• _Directions_
Would you return the data below exactly as it stands, with every picture left out?
Data Start Marker
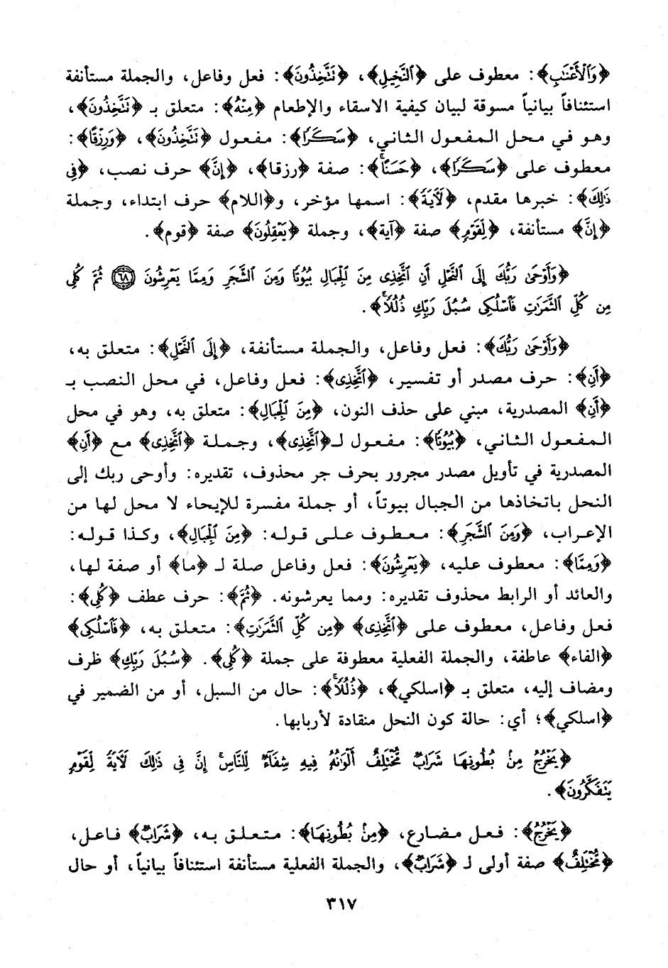 {وَأَوْحَى رَبُّكَ}: فعل وفاعل، والجملة مستأنفة، {إِلَى النَّحْلِ}: متعلق به، {أَنِ}: حرف مصدر أو تفسير، {اتَّخِذِي}: فعل وفاعل، في محل النصب بـ {أَنِ} المصدرية، مبني على حذف النون، {مِنَ الْجِبَالِ}: متعلق به، وهو في محل المفعول الثاني، {بُيُوتًا}: مفعول لـ {اتَّخِذِي}، وجملة {اتَّخِذِي} مع {أَنِ} المصدرية في تأويل مصدر مجرور بحرف جر محذوف، تقديره: وأوحى ربك إلى النحل باتخاذها من الجبال بيوتًا، أو جملة مفسرة للإيحاء لا محل لها من الإعراب، {وَمِنَ الشَّجَرِ}: معطوف على قوله: {مِنَ الْجِبَالِ}، وكذا قوله: {وَمِمَّا}: معطوف عليه، {يَعْرِشُونَ}: فعل وفاعل صلة لـ {ما} أو صفة لها، والعائد أو الرابط محذوف تقديره: ومما يعرشونه. {ثُمَّ}: حرف عطف {كُلِي}: فعل وفاعل، معطوف على {اتَّخِذِي {مِنْ كُلِّ الثَّمَرَاتِ}: متعلق به، {فَاسْلُكِي} {الفاء} عاطفة، والجملة الفعلية معطوفة على جملة {كُلِي}. {سُبُلَ رَبِّكِ} ظرف ومضاف إليه، متعلق بـ {اسلكي}، {ذُلُلًا}: حال من السبل، أو من الضمير في {اسْلُكِي}؛ أي: حالة كون النحل منقادة لأربابها.
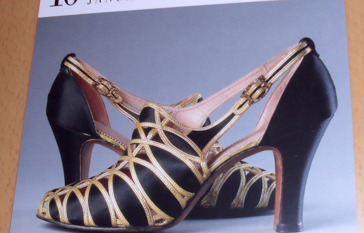 For the weekend the shoe was a pair of black satin and gold kid heels with a crisscross design from 1936, from a gorgeous luxery brand that is still running now - Delman <-- take a look.
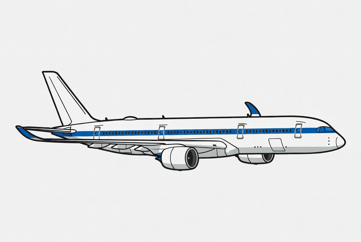White Airplane with Blue Stripes Illustration
Data End Marker
• _The answer_
 {وَأَوْحَى رَبُّكَ}: فعل وفاعل، والجملة مستأنفة، {إِلَى النَّحْلِ}: متعلق به، {أَنِ}: حرف مصدر أو تفسير، {اتَّخِذِي}: فعل وفاعل، في محل النصب بـ {أَنِ} المصدرية، مبني على حذف النون، {مِنَ الْجِبَالِ}: متعلق به، وهو في محل المفعول الثاني، {بُيُوتًا}: مفعول لـ {اتَّخِذِي}، وجملة {اتَّخِذِي} مع {أَنِ} المصدرية في تأويل مصدر مجرور بحرف جر محذوف، تقديره: وأوحى ربك إلى النحل باتخاذها من الجبال بيوتًا، أو جملة مفسرة للإيحاء لا محل لها من الإعراب، {وَمِنَ الشَّجَرِ}: معطوف على قوله: {مِنَ الْجِبَالِ}، وكذا قوله: {وَمِمَّا}: معطوف عليه، {يَعْرِشُونَ}: فعل وفاعل صلة لـ {ما} أو صفة لها، والعائد أو الرابط محذوف تقديره: ومما يعرشونه. {ثُمَّ}: حرف عطف {كُلِي}: فعل وفاعل، معطوف على {اتَّخِذِي {مِنْ كُلِّ الثَّمَرَاتِ}: متعلق به، {فَاسْلُكِي} {الفاء} عاطفة، والجملة الفعلية معطوفة على جملة {كُلِي}. {سُبُلَ رَبِّكِ} ظرف ومضاف إليه، متعلق بـ {اسلكي}، {ذُلُلًا}: حال من السبل، أو من الضمير في {اسْلُكِي}؛ أي: حالة كون النحل منقادة لأربابها.
 For the weekend the shoe was a pair of black satin and gold kid heels with a crisscross design from 1936, from a gorgeous luxery brand that is still running now - Delman <-- take a look.
White Airplane with Blue Stripes Illustration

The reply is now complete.